### [What you should do]
Go to the line with "El documento habla" in the records below, then output it and each following line exactly, up to and including the line with "以上食谱,我们日常可以根据自己的实际情况进行适当调整。". Skip pictures and add nothing.

### [Task input]

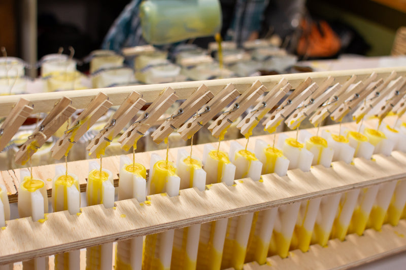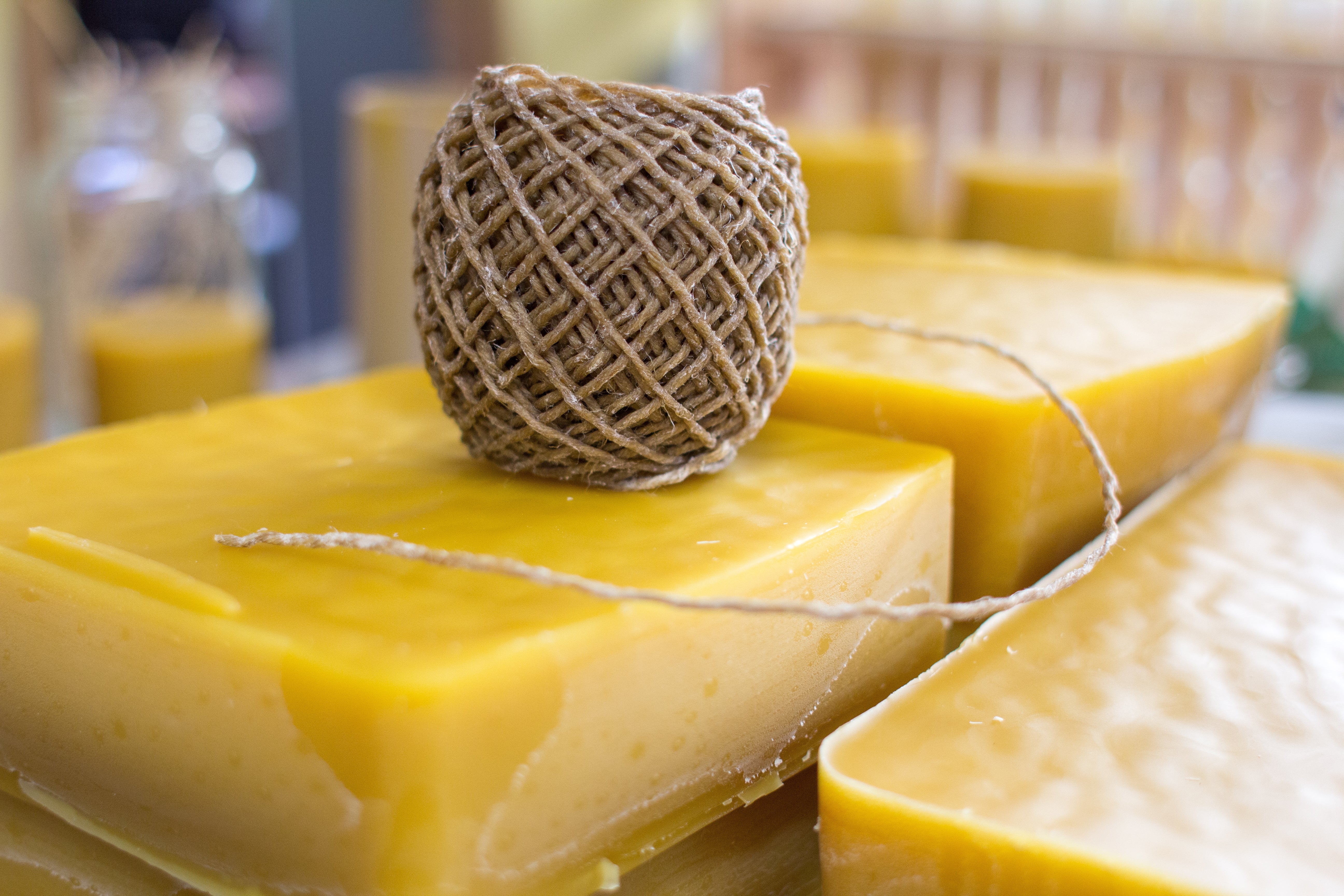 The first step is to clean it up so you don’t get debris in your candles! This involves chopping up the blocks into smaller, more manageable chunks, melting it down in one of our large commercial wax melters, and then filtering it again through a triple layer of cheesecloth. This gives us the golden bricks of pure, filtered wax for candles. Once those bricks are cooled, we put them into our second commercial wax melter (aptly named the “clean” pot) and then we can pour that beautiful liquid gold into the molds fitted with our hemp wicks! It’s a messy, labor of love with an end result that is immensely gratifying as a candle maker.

---

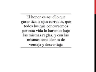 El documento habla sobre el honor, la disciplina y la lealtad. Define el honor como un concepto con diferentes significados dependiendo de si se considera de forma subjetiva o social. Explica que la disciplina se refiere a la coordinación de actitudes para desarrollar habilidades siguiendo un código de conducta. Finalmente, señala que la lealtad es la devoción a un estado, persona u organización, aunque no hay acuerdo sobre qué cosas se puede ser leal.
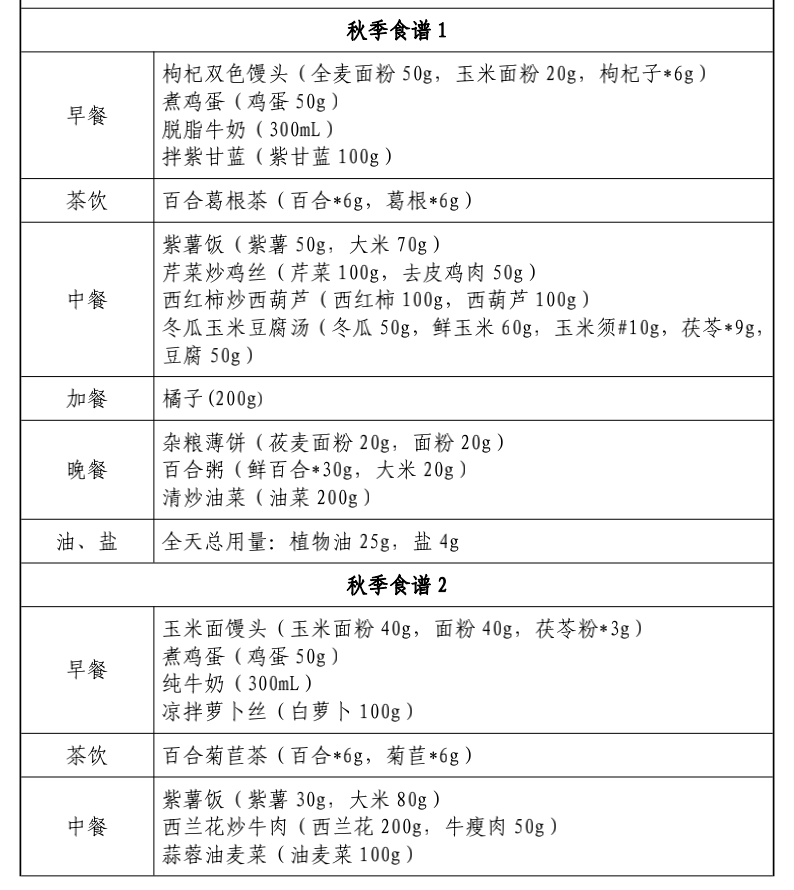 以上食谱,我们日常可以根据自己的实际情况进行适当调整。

==

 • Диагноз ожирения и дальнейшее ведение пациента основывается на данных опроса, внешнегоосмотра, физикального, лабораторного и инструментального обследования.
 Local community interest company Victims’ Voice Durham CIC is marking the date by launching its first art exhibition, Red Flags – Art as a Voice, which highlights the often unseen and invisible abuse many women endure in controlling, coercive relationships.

### [Output for this task]
 El documento habla sobre el honor, la disciplina y la lealtad. Define el honor como un concepto con diferentes significados dependiendo de si se considera de forma subjetiva o social. Explica que la disciplina se refiere a la coordinación de actitudes para desarrollar habilidades siguiendo un código de conducta. Finalmente, señala que la lealtad es la devoción a un estado, persona u organización, aunque no hay acuerdo sobre qué cosas se puede ser leal.
 以上食谱,我们日常可以根据自己的实际情况进行适当调整。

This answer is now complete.